Zwischen stilisierender Abstraktion und Realismus, zwischen Anklage und Groteske finden die Bilder in der Inszenierung von Dmitri Schostakowitschs (1906-1975) «Katerina Ismailowa» am Opernhaus Zürich einen überzeugenden Weg. Überhaupt wirkt nichts aufgepfropft bei Klaus Michael Grüber und Ellen Hammer (Regie), Francis Biras (Bühne) und Eva Dessecker (Kostüme). So fügt sich das Ganze zu einem schlüssigen Stationendrama mit weiträumigen Spielflächen ohne billigen folkloristischen Putz und mit einer Personenführung, die die Charaktere markant herausstellt und spannend die Fabel entwickelt. Das Werk geht auf die Erzählung «Lady Macbeth von Mzensk» von Nikolai Leskow zurück, 1865 wurde die Geschichte verfasst.

Diese handelt von der gelangweilten und unterdrückten Katerina Ismailowa und davon, wie sie, je mehr Peiniger sie umbringt, desto unaufhaltsamer auch ihr eigenes Ende befördert. Die Sopranistin Solveig Kringelborn gestaltete daraus an der Premiere in bester singdarstellerischer Union von vokalen und schauspielerischen Anteilen das Schicksal einer Frau, die zum Morden geradezu getrieben wird, aber darob, in Not ein Dennoch-Restglück erzwingend, sich selbst abhanden kommt und zum bitteren Ende ins Wasser geht.

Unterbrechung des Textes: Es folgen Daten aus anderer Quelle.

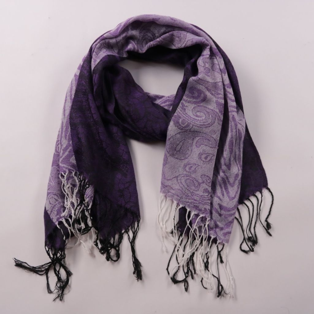Фиолетовый шарф с жаккардовым узором и контрастной бахромой по краям. Подойдёт для повседневных образов и как лёгкий слой в прохладную погоду. Удобно драпируется и добавляет акцент к однотонной верхней одежде.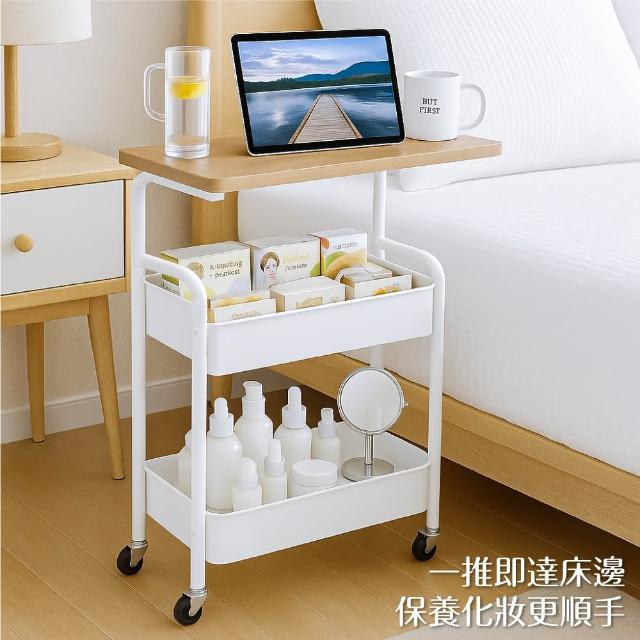 ANDYMAY2買一送一 小巴登鐵製收納架木桌板置物推車 電腦桌/三層收納 (收納架 置物櫃 桌板推車 收納籃 手推車)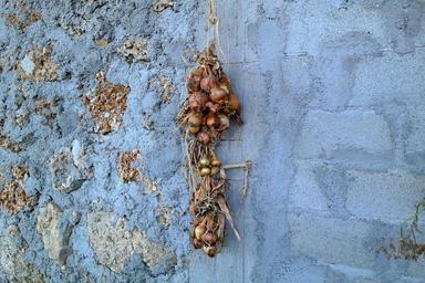 Keywords: onions onion bulbs bunch vegetable food natural drying hanging wall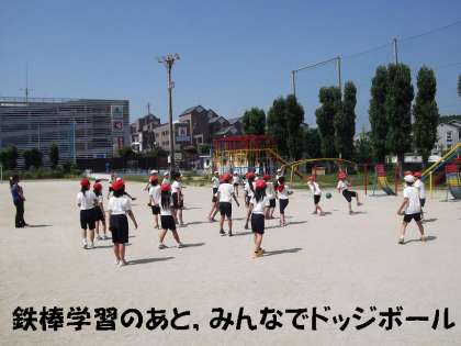 今日は鉄棒で「足かけまわり」を練習をしたあと,みんなで楽しくドッジボールをしました。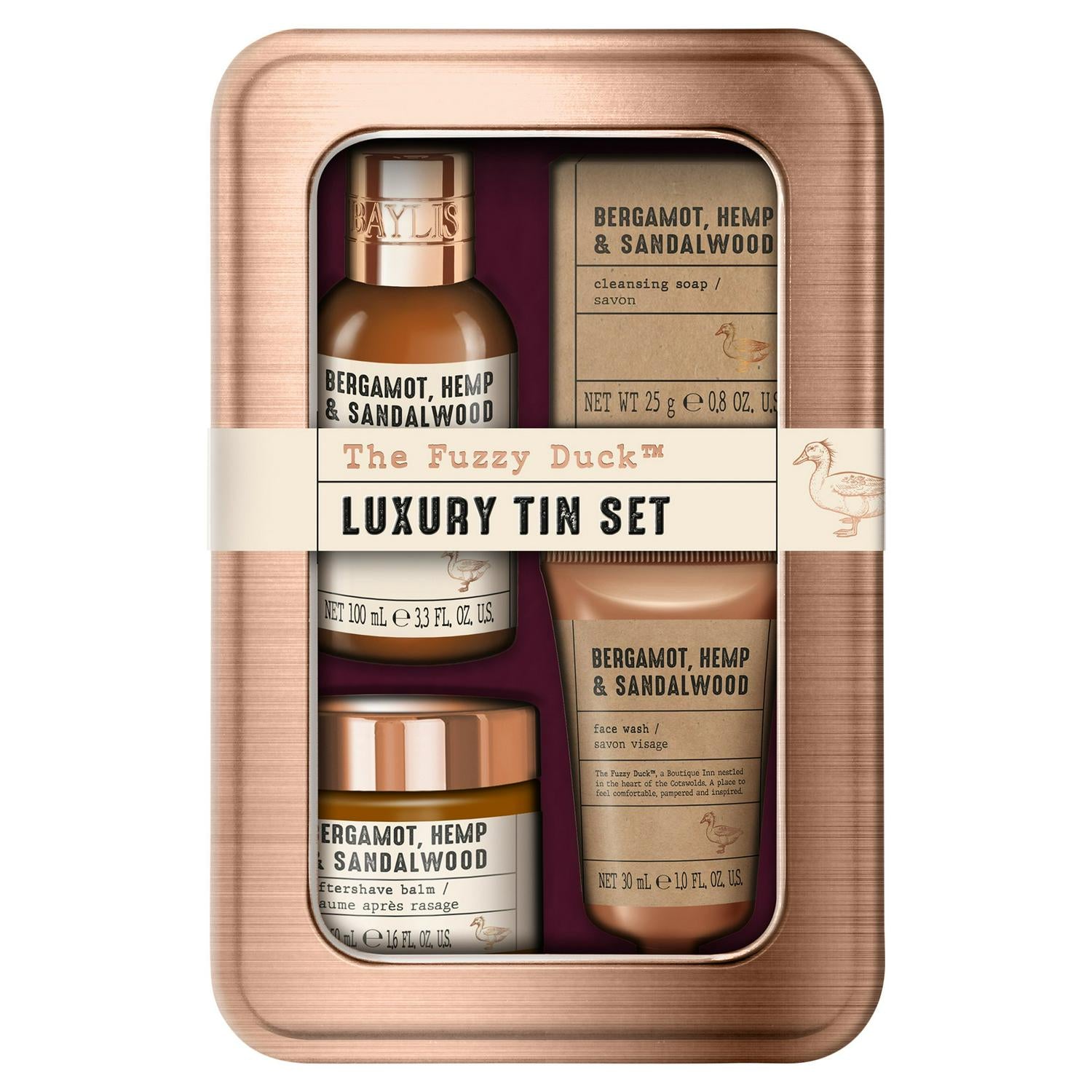 This Baylis & Harding collection features sustainable luxury grooming essentials presented in a practical, reusable storage tin. It offers a complete regimen with an energising Bergamot, Hemp, and Sandalwood fragrance profile.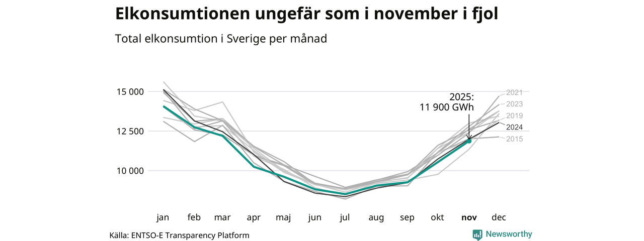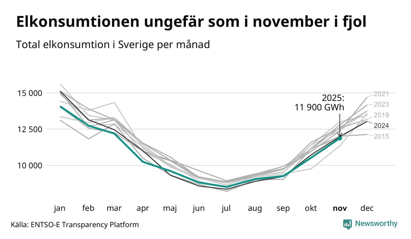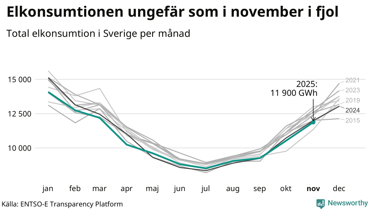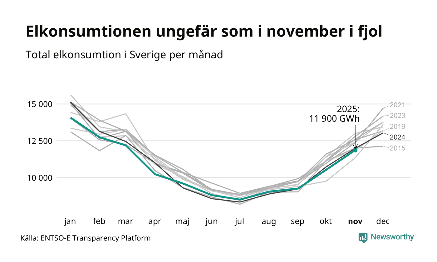 Under november förbrukades det ungefär 11 900 gigawattimmar el i Sverige. Det är ungefär tre procent mindre än snittet för månaden. Konsumtionen påverkas mycket av hur varmt det är i landet, enligt SMHI inleddes november milt, innan kylan kom. I den norra delen av landet blev månaden sammantaget kallare än normalt, medan det i de västra delarna och södra Norrland var något varmare än normalperioden 1991-2020.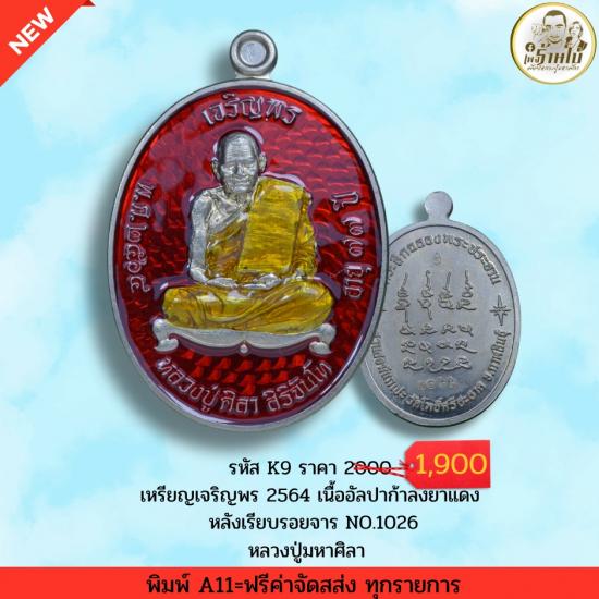 เหรียญเจริญพรบน หลวงปู่มหาศิลา สิริจันโท จ.กาฬสินธุ์ 2564 เนื้ออัลปาก้าลงยาแดง สภาพสวยมากคร้าบบบ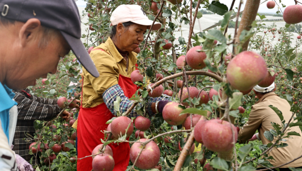 毕节市威宁自治县牛棚苹果种植基地,当地村民正在采摘苹果。
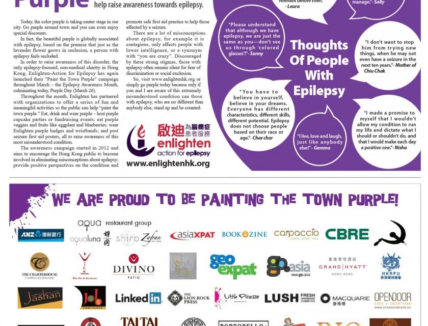 Go.Asia 全力支持香港啟迪會舉辦的關注腦癇紫色日。「紫在乎你」和「關注腦癇紫色日」的活動目的是希望獲得香港社會的支持,提高對腦癇症的關注。

Mit kraftvoller Tenorstimme und körperbetontem Spiel gab Viktor Lutsiuk Katerinas Liebhaber und dann unwürdigen zweiten Ehemann Sergei als einen wie von Kräften ausserhalb seiner selbst gesteuerten Triebmenschen.

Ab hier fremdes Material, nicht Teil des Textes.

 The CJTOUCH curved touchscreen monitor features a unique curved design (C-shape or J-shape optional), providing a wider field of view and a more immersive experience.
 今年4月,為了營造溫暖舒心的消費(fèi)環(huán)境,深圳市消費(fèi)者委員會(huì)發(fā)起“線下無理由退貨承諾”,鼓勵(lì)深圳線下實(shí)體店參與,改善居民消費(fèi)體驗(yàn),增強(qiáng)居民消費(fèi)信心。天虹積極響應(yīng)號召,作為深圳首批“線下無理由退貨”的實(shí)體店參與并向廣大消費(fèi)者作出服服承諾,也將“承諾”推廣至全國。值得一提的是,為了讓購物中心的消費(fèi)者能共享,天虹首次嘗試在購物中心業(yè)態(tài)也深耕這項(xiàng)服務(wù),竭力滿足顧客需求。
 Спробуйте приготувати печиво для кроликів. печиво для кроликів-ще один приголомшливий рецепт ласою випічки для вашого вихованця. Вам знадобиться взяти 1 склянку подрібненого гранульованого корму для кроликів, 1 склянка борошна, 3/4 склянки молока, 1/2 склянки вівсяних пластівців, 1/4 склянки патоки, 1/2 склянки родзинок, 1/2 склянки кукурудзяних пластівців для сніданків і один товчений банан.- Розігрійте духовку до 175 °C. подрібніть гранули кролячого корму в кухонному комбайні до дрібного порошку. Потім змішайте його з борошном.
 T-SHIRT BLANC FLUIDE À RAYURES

Bei Alfred Muff war Katerinas Schwiegervater ein Ekelpaket von wahrhaft diabolischem Format und von resonanzreichem Bass. Das Pandämonium der zahlreichen weiteren Figuren und Nebenfiguren wirkte farbenreich typisiert. Den Chor hat Ernst Raffelsberger sauber präpariert.

Die musikalische Protagonistenrolle dieses Abends wurde gewissermassen im Graben wahrgenommen. Gezackte Linien von Blechbläserfanfaren, grotesk grummelnde Fagottsoli, süsslich schmachtende Streicher, lärmmusikalisch dröhnende Tutti-Flächen: Der russische Dirigent Vladimir Fedoseyev und das gut disponierte Orchester liessen die collageartig aneinander geschnittenen Stilzitate wirkmächtig aufeinander prallen und bündelten die in der Partitur angelegten Kraftlinien. Ein besonderes Gewicht erhielten die Zwischenspiele, die - Personencharakteristiken und Kommentare - gleichsam zu Miniatursinfonien gerieten.

Die Musik Schostakowitschs geht ja direkt ins Blut, ist von dünnsauciger Moderne weit entfernt. Und bei aller handlungsbezogenen Emblematik erschöpft sie sich nicht in rein abschildernden Klangmalereien, sondern dringt vor zu starken Aussagen. Die Zwischenspiele vermöchten so auch im Konzertsaal für sich zu bestehen.

Welche Fassung ist die richtige?

Die 1963 uraufgeführte und geglättetere «Katerina Ismailowa», die etwas humaner einherkommt, weniger einem Versimo-Schocker nahe ist? Oder besser gleich die in Wort und Ton drastischer intonierte 30 Jahre ältere «Lady Macbeth von Mzensk», unter anderem mit ausgeprägter Bettszene? Im Vorfeld der Premiere ist eine Diskussion darüber aufgekommen, weshalb denn das Opernhaus Zürich nicht die «Lady Macbeth» - bei der es sich im Kern um die gleiche Oper handelt - gewählt habe. Die Frage leitet umstandslos, und wie so oft im Falle von Schostakowitsch, auf ein vermintes Gelände. Schon sehr früh haben Modifizierungen eingesetzt. Und trotz der Zwänge unter einem totalitären Regime: Äusserungen des Komponisten zufolge könnte dieser seine «Katerina Ismailowa» aus der «Tauwetter»-Periode favorisiert haben. Freilich sollte Zürich jetzt eine der «Urfassungen» zur Diskussion stellen. Wie übrigens schon 1936 geschehen.